In Lobachevsky geometry every equilateral triangle has an angle that depends on the length of its sides. and for every admissible angle there is a unique side length of the corresponding equilateral triangle. This means that one cannot choose just any proto-pair **o **and **e** . On the other hand one can construct right angles (90 degrees) and octomidial angles (45 degrees) . One chooses the proto-pair as a **standard** such that the corresponding equilateral proto-triangle has three angles with 45 degrees.

One can combine 8 equilateral proto-triangles to give an octagon, that's where the name of the following** proto-octomidial axiom** is taken from. For an understanding the syntax of the axiom with the ternary isoscition function you have to study some sections of 'Geometries of O' .

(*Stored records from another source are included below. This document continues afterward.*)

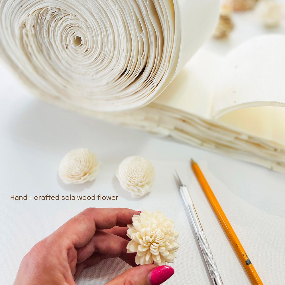 Papuošta stabilizuotomis Baltijos miškų samanomis, sola medžio žiedais ir jūros kriauklėmis.
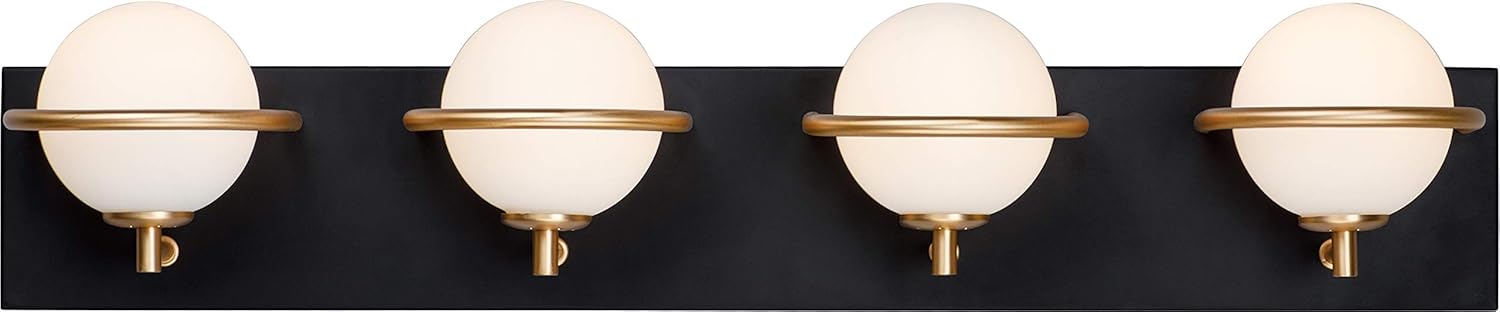 Satin White glass globes are nested behind rings of Gold which dramatically contrasts against the Black metal background. Soft and natural light is provided by replaceable G9 LED lamps which are included in each fixture.
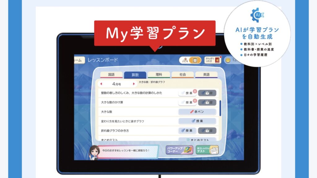 | 個別プラン | 教科書・理解度に応じてAIがおすすめ学習内容を提案 |
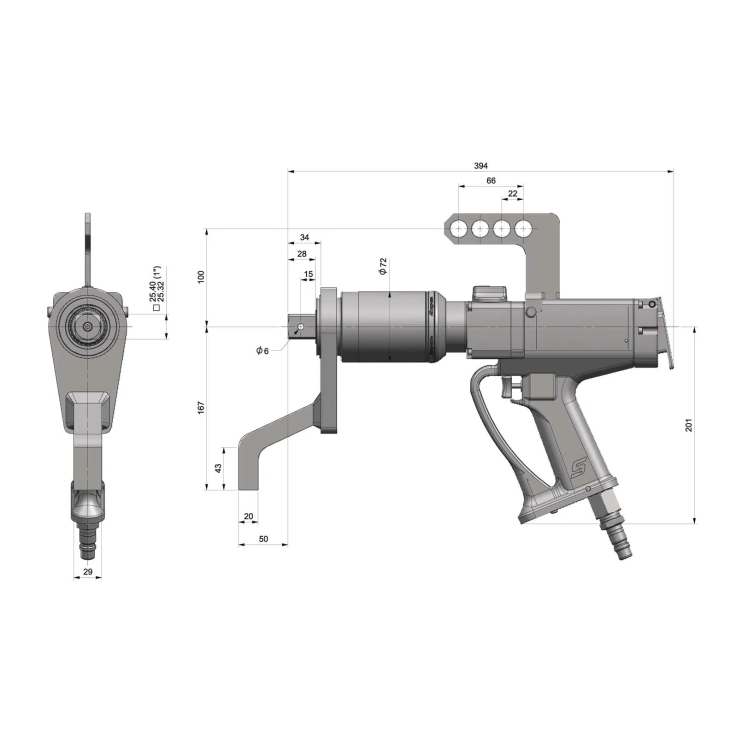 • 獨立旋轉齒輪箱,當反作用力臂抵住支撐點時,扭力反應不會傳導回操作手柄
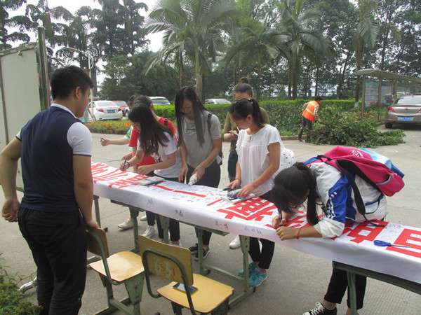 两天的宣传活动中,学生们通过摆放禁烟宣传海报宣传吸烟及二手烟可能会导致肺癌、心脑血管疾病、喉癌等疾病,向路过的师生介绍相关禁烟条例和戒烟知识,让同学们深入了解吸烟的危害。号召同学们远离香烟、珍爱生命,培养健康的生活方式,为营造良好的无烟校园尽自己的一份力。并发动同学们在“一时的快乐,永恒的伤痛——请勿吸烟”的横幅上签字,以表禁烟决心!
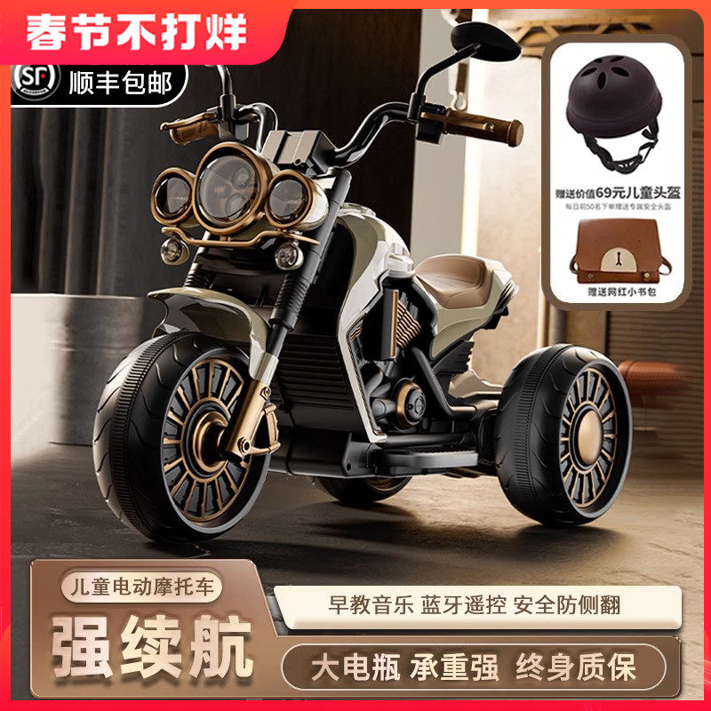 儿童电动摩托车三轮车男女孩宝宝电瓶车小孩可坐人充电遥控玩具车
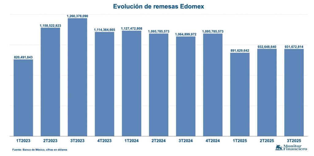 Valle de México, a 18 de noviembre del 2025.- Los municipios con mayor recepción de remesas en el Estado de México reportaron disminuciones de hasta 35 por ciento en el período enero-septiembre de este año en comparación con el mismo período del año anterior, en una de las caídas más pronunciadas en los últimos años aunque eso no ha impedido que la entidad permanezca en la lista de los cinco estados con los mayores flujos de dólares.
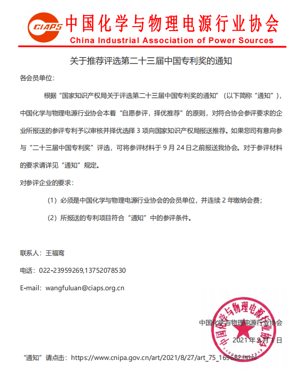 根據(jù)“國家知識產(chǎn)權(quán)局關(guān)于評選第二十三屆中國專利獎(jiǎng)的通知”(以下簡稱“通知”),中國化學(xué)與物理電源行業(yè)協(xié)會(huì)本著“自愿參評,擇優(yōu)推薦”的原則,對符合協(xié)會(huì)參評要求的企業(yè)所報(bào)送的參評專利予以審核并擇優(yōu)選擇3項(xiàng)向國家知識產(chǎn)權(quán)局報(bào)送推薦。如果您司有意向參與“二十三屆中國專利獎(jiǎng)”評選,可將參評材料于9月24日之前報(bào)送我協(xié)會(huì)。對于參評材料的要求請?jiān)斠?ldquo;通知”規(guī)定。
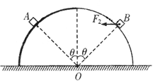 2、选择题 如图所示,固定的半球面右侧是光滑的,左侧是粗糙的,O点为球心,A、B为两个完全相同的小物块(可视为质点),小物块A静止在球面的左侧,受到的摩擦力大小为F1,对球面的压力大小为N1;小物块B在水平力F2作用下静止在球面的右侧,对球面的压力大小为N2,已知两小物块与球心连线和竖直方向的夹角均为θ,则

However, one is free to take another regular polygon to base Lobachevsky geometry on. Take e.g. the regular heptagon. As one cannot construct the regular heptagon in the Klein-model of Lobachevsky geometry the heptamidial Lobachevsky geometry is different from octomidial Lobachevsky geometry, it is a** nonstandard Lobachevsky geometry **. This is more than just a convention as every nonstandard Lobachevsky geometry (and there are infinitely many) contains the standard Lobachevsky geometry. This follows from Liebmann's Theorem, that one can construct a triangle from its three angles. But this is may be leading a little bit too far for the moment ...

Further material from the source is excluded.